Ozone, the primary component of smog, is photochemically produced from two key pollutants (nitrogen oxides and volatile organic compounds) emitted from sources such as vehicles and industry. In high enough concentrations, the compound proves destructive to plants, entering through pores in leaves called stomata and reducing the plant’s ability to feed itself and resist environmental stress.
There have already been “huge economic consequences” to high ozone levels around the world, Heald notes. She points to research suggesting that due to ozone exposure, crop yields since preindustrial times are 10% lower than they should be, at a cost of $11–18 billion per year.
Heald’s paper focused on crop yields in coming decades. She quantified the individual and combined effects of mean temperature and ozone pollution levels through 2050, focusing on four of the world’s most significant food crops—wheat, rice, maize, and soybeans.
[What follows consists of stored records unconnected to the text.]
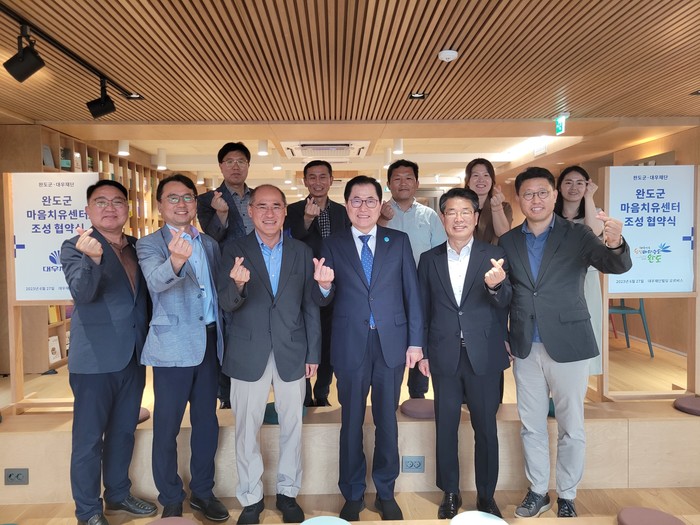 이번 협약은 지난 1월 도서 주민들의 건강관리와 복리증진을 위해 완도군과 대우재단이 건강돌봄센터를 설치하기로 한 데 이어 체결한 것으로 마음치유센터는 구 완도대우병원(노화읍 소재) 부지에 조성된다.
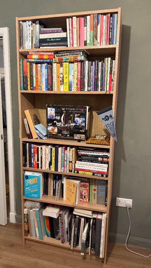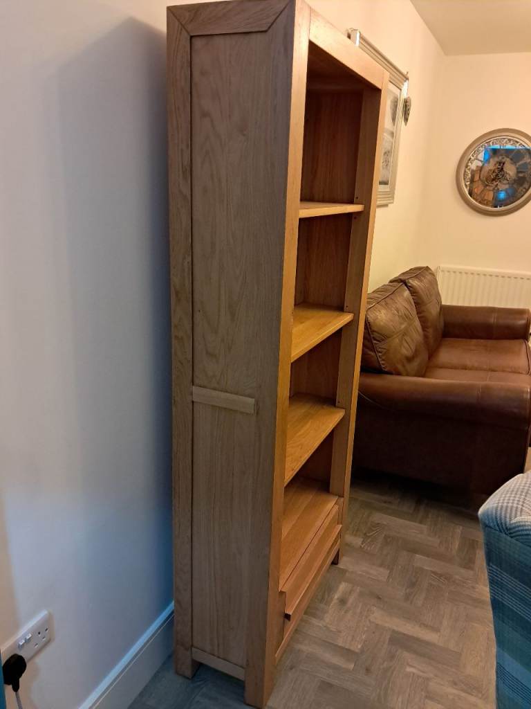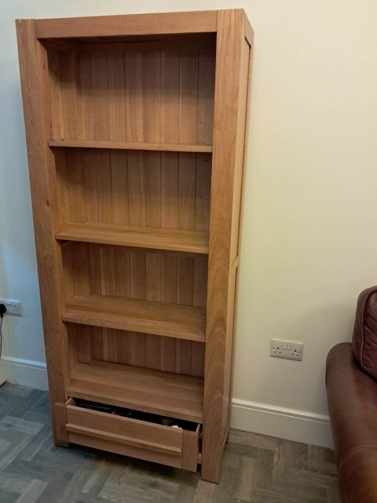 Natural oak bookcase with 4 shelves and a pull out drawer. Excellent condition, full working order. Height 180cm width 80cm
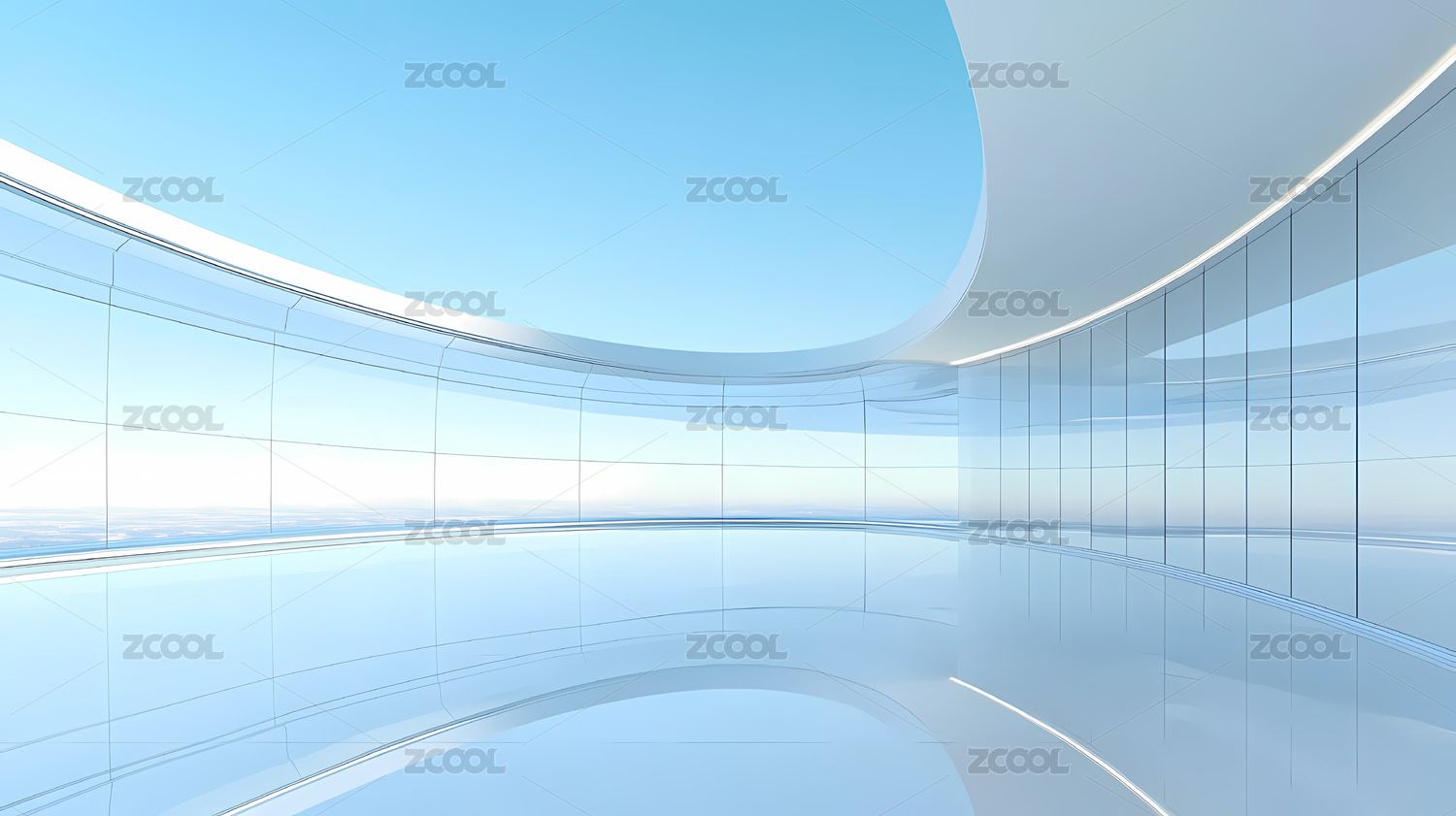 现代弧形玻璃建筑内部
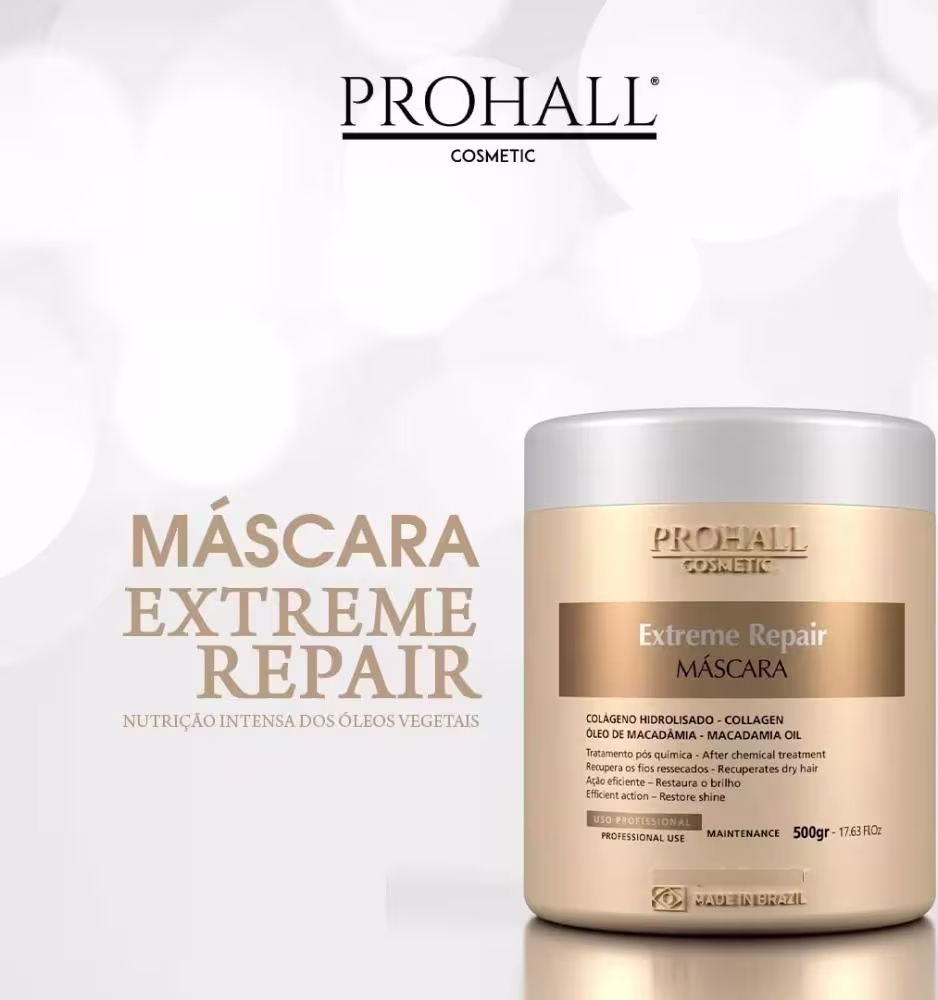 Prohall Cosmetic Extreme Repair - Máscara de Tratamento 500g: traz propriedades nutritivas que proporcionam hidratação intensa e fios mais macios. A tecnologia do produto atua como antioxidante, rejuvenescendo os cabelos. Sua fórmula destaca dois ingredientes principais: Colágeno Hidrolisado e Óleo de Macadâmia. Esses componentes restauram nutrientes e a umidade natural dos cabelos, fortalecendo os fios fragilizados.
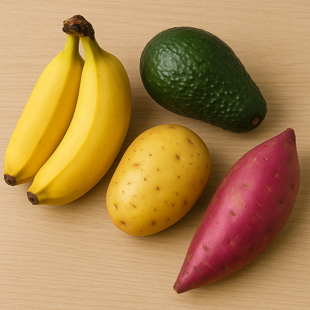 - 칼륨: 바나나, 아보카도, 감자, 고구마, 시금치, 콩류

Her study offered some surprises.
“We learned that the effect of ozone pollution can go in either direction,” says Heald. Higher levels of ozone exacerbate the impact of warming to damage crops, lowering yields even more. But in areas with lower ozone levels, crop yields may increase—even in the presence of warmer temperatures.
Rising temperatures are a given globally, with geographic variations, because once in the atmosphere, the greenhouse gas CO2 sticks around for decades. But ozone only persists for a month or two, and levels vary from region to region. “This is because ozone is very connected to domestic air quality management,” says Heald.
For example, in the US and Europe, which impose strict regulations on tailpipe emissions, steady or declining ozone levels should limit harm to crop yields even while the planet warms. But Heald’s research on China detailed two scenarios: one showing an air quality trajectory with improvement, and another with continued degradation, with matching impacts on crop production.
In one of Heald’s worst-case global scenarios—modeling a rise in ozone levels across a number of regions—she predicted undernourishment rates in developing countries would increase by nearly 50% by 2050 due to the effects of air pollution and a warming climate.
Yet Heald believes much can be done to head off even the most dire impacts suggested by her study. Since some crops weather temperature and pollution impacts better than others, Heald says “farmers should understand exactly what is affecting their crops and make informed choices about what to grow.” This requires accurate pollution and climate information, something Heald hopes might come from innovative, small-scale sensors that could provide local ozone measurements around the world, as well as new geostationary satellite observations.
But ultimately, she says, “limiting the environmental risk to food production worldwide requires government intervention to reduce emissions, and society needs to think about tackling CO2 sooner rather than later.”